We focus on the use of virtual and augmented reality technologies in the sales tools (vs marketing gimmicks), and are always keen to understand how the consumers use the applications, routinely studying the consumer behaviour in order to identify behavioural changes and to analyse the effects of new features and technologies (e.g removing the plugin requirements).

In one of our consumer behaviour studies we recently wanted to analyse how well the technology has maintained its relevance to the consumers once the excitement of the new, shiny toy, has worn off - if it indeed has. We did this by comparing recent consumer behaviour from some of our long time customers - with 4-6 years of application use - to the same characteristics after the capability launch (sample size of 100k sessions from May). The results are, at least in our opinion, nothing short of impressive. While some consumer behaviour differences exist between applications (virtual reality, augmented-reality, live-AR) and client types (PC, tablet, phone), we found that on a high level:

Consumer Use Has Remained Consistent

  • The customer take-up varies mostly based on the linkage to the purchase cycle and promotion (18.5%-40.2%),and after the initial fast ramp-up, the use typically continues to increase gradually (suggesting a relatively high Bass innovation coefficient).
  • The support of tablet applications typically increased the application use by 15%-20%.

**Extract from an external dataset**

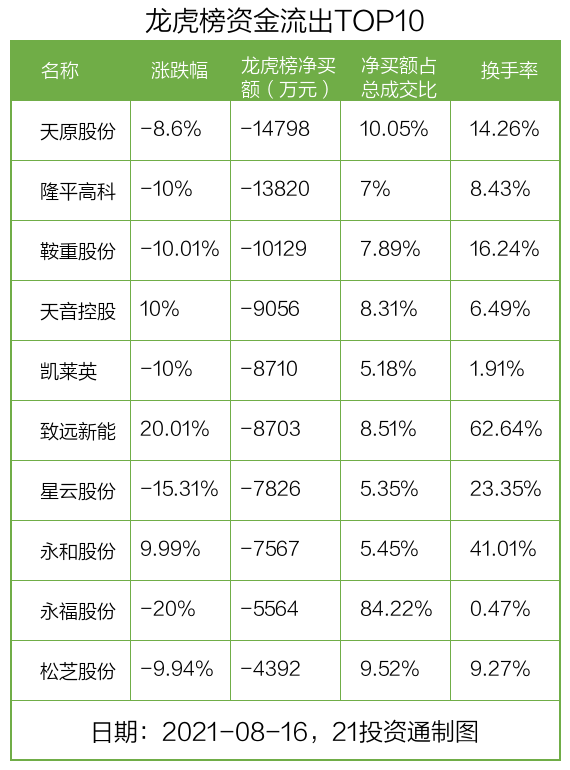 而龙虎榜中资金净流出最多的是天原股份(002386.SZ),被净卖出为1.48亿元,占总成交金额的10.05%。天原股份收盘下跌8.6%,换手率为14.26%。

Consumers Have Remain Engaged

  • Average session length has remained consistent at 22mins 36s (longest sessions over 4.5hrs!) and the standard deviation at 6min 6s.
  • The engagement is similar across all device types with even iPhone (a bit to our surprise) having a session length of 20min 30s.
  • The live-augmented reality sessions tend to be shorter than the VR and AR sessions. We believe that this is due to the consumer spending more time in the design sessions while the live-AR feature is typically used only for the final verification of products and colours in the real environment.

Consumers Continue To Design With The Apps

  • 35% of all sessions involve modular products and on average 2 products (highest 18) per session.
  • When designing with modular products the consumer on average uses 8.8 elements during a session (highest 406 over multiple products).
  • On average consumer tries 4.3 different fabrics (highest 313 fabrics during as session).